TELL me more about the cost. Glass comes in three sizes — 43 inch for £649, 55 inch for £849, and 65 inch for £1,049. All come with the same features. Sky says this is a saving of 30 per cent on a similar TV and soundbar.


WHAT if I don’t want to splash out that much? Sky reckons most customers will pay for it monthly along with a TV package in the same way they pay for a phone handset and mobile contract.

The 43-inch TV is £13 a month, 55-inch £17 a month and the 65-inch £21 a month along with a Sky package. The per-month TV prices are for four-year contracts.

That is on top of a Sky TV package, starting from £26 a month for the Ultimate — meaning a TV and Sky costs from £39 a month.
Pucks to stream content to other TVs are £50 plus £10 per month subscription.

HOW does the cost compare to Q? The TV packages are about the same as for Q. The standard Ultimate is £26 a month on both. You are just paying extra for the TV set if you get it by paying monthly.

DOES this affect Now TV? Now TV is also provided over the Internet. It was launched in 2012 as a pay-as-you-go alternative to Sky’s pricier and longer-term contracts.

It initially focussed on movies but expanded to sports and most shows. It will continue as a service for viewers not wanting to commit to contracts or don’t need the full bells-and-whistles Sky service.

IS Sky Glass easy to use? The revamped interface might be the best bit.
A new Playlist will house all viewers’ favourite shows in one place — whether from Sky, iPlayer, Netflix or others. It still has a TV guide, but Sky says it thinks more people will rely on its recommendations as it learns what families like.

WHAT about voice control? You can talk directly to the telly and even wake it by saying: “Hello, Sky.” Follow that with “show me the game” and you should get the big Premier League fixture of the day.

SO I don’t need a remote?

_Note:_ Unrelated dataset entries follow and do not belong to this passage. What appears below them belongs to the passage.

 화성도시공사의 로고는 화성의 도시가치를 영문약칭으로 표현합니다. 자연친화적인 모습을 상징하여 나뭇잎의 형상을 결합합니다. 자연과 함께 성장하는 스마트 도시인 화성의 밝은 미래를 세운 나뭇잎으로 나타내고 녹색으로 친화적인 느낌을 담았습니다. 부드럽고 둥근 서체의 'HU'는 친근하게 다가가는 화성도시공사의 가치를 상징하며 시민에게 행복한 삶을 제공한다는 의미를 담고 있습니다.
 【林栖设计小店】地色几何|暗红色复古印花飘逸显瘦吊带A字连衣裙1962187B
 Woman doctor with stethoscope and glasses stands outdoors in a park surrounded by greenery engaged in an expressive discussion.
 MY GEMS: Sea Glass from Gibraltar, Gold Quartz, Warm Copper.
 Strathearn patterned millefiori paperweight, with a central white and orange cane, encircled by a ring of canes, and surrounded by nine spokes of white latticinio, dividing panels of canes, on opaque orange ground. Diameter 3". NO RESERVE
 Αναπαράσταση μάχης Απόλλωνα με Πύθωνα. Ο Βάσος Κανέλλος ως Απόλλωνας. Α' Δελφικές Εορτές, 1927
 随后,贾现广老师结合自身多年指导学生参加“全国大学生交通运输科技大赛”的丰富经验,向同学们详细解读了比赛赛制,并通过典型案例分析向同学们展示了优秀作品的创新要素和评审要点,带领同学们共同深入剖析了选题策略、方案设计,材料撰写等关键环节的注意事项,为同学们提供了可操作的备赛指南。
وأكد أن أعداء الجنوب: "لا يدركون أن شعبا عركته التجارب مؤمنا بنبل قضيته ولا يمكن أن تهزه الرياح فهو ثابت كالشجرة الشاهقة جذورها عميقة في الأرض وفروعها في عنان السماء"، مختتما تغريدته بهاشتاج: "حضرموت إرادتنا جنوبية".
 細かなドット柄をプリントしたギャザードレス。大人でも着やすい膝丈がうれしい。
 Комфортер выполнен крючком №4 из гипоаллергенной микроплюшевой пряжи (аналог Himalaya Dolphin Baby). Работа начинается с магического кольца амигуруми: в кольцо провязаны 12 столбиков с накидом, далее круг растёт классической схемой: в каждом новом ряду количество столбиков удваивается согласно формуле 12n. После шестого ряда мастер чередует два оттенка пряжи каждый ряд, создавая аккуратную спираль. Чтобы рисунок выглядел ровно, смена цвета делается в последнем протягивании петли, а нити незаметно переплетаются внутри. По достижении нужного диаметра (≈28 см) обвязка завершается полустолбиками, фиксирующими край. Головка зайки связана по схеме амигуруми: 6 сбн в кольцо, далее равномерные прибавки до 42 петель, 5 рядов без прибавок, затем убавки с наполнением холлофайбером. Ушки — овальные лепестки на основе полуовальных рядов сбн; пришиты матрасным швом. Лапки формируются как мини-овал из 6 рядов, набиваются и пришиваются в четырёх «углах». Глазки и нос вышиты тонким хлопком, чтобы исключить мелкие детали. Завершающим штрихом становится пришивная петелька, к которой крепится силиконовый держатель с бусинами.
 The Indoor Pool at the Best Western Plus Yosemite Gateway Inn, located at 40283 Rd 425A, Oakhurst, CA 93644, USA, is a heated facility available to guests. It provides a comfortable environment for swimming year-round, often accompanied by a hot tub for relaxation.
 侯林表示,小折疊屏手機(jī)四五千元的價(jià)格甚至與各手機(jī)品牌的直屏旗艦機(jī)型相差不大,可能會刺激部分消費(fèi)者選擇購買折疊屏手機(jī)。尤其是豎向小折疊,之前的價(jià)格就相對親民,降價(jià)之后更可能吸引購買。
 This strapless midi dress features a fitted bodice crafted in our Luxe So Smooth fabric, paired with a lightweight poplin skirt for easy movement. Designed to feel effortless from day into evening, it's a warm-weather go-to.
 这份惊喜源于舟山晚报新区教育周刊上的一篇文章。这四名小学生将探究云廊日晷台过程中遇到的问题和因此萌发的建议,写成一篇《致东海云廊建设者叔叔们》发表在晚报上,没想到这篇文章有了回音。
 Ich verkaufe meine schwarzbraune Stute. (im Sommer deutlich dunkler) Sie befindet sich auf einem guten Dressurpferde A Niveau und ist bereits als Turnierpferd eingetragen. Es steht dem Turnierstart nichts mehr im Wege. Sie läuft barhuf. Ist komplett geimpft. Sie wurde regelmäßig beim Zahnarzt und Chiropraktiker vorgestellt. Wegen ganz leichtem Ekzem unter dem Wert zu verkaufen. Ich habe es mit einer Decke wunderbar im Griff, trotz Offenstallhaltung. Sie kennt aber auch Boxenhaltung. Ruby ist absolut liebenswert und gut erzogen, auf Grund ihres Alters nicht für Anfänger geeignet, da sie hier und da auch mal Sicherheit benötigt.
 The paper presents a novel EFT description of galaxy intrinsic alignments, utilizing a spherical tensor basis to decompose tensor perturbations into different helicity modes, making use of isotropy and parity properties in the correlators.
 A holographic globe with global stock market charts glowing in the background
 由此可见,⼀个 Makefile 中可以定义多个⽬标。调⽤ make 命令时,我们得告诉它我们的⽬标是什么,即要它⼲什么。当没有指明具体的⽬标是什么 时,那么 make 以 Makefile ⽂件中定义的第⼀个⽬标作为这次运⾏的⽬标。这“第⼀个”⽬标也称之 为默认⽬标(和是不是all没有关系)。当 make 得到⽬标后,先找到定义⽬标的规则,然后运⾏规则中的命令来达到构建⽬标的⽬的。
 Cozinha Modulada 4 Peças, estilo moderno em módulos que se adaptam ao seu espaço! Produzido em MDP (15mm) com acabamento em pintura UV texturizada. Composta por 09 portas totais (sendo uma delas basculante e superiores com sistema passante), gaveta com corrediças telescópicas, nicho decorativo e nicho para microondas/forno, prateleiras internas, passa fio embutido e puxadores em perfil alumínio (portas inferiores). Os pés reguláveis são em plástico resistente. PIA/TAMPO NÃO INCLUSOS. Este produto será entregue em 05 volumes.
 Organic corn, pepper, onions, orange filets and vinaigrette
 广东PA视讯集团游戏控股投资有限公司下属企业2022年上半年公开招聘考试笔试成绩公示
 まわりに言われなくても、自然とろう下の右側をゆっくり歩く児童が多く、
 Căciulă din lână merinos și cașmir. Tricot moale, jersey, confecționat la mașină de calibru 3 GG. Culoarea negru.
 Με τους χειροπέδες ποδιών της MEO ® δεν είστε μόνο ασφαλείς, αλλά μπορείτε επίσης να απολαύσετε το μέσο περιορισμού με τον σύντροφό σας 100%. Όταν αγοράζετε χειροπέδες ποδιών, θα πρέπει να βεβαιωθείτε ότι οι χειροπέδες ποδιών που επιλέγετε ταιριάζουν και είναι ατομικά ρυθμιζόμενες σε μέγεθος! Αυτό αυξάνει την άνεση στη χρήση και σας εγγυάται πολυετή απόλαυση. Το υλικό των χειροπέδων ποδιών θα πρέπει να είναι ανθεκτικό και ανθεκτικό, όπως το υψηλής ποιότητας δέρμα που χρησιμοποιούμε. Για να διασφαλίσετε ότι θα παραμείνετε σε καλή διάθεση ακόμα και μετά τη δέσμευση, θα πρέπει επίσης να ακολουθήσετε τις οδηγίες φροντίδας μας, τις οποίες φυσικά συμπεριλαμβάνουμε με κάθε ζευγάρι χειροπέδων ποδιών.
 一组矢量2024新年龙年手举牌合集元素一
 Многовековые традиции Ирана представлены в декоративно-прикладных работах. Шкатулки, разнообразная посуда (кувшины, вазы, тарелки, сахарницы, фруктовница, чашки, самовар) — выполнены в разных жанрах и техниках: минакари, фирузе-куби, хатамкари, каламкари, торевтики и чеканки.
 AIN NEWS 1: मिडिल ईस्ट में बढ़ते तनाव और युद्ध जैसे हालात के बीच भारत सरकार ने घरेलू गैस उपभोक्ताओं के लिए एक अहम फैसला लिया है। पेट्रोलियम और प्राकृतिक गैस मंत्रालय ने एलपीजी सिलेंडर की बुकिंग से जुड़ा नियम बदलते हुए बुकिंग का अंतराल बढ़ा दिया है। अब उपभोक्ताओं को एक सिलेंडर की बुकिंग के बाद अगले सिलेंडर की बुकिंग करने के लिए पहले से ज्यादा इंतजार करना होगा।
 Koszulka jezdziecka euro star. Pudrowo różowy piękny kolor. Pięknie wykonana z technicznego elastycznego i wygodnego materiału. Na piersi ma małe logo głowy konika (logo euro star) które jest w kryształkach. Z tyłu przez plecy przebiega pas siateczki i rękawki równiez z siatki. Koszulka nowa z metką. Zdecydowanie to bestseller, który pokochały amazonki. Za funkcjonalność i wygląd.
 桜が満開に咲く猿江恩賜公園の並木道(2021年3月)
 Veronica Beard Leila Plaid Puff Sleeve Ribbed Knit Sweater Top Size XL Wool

As anyone who uses Alexa or Siri knows, voice control is a long way from perfect. So there is a remote for those days when you and Glass just aren’t on the same wavelength.

It also has a mic for when the noise in the living room means your voice won’t reach the telly.

WHAT if I have just spent my money on a flash new TV but want this new interface? For now, there is no option to get the new service with just a box and plug into a normal TV.

MY broadband is terrible. Should I get Glass? Absolutely not. You need fast and reliable internet, which millions of homes don’t have.
That is why Sky is set to offer Q via dish for many years to cater for those families.

WHAT else is different with Q? Sky Q has a hard drive built in so it can record and download shows to watch later. Many like keeping their favourite shows or movies, which they can’t do on Glass. In future Sky might add that to Glass. Also, Sky Q is not getting the swish new interface just yet.

WHAT does Glass look like? It is like a normal TV from the front, but with a soundbar at the base, and it is thicker to house the tech normally found in the set-top box. The TV also has a totally flat back for easy wall mounting.

It comes in five colours — black, pink, blue, green and white — and different wallpaper-style fascias can be added to the soundbar area.

Should I get it? If you are about to buy a new telly, and love Sky or want to get it, then yes. It will also appeal to those in flats who cannot get a dish — or snobs too embarrassed to have a dish on their home.


WHAT else can Glass do? A camera and motion sensor due to launch in the spring will enable you to use the TV for video calls, video games, fitness workouts and also watching shows or sports with others.

Zoom video calls will be available, with the camera following people if they move around the room.

Watch Together syncs TV content with other households so they can watch along together. Boxes down the side of the TV programme show other’s reactions, Gogglebox-style, as, say, a goal is scored or a film reaches a key moment.

The motion sensors allows for Nintendo Wii-style games and tracking fitness routines to make sure exercises are performed correctly.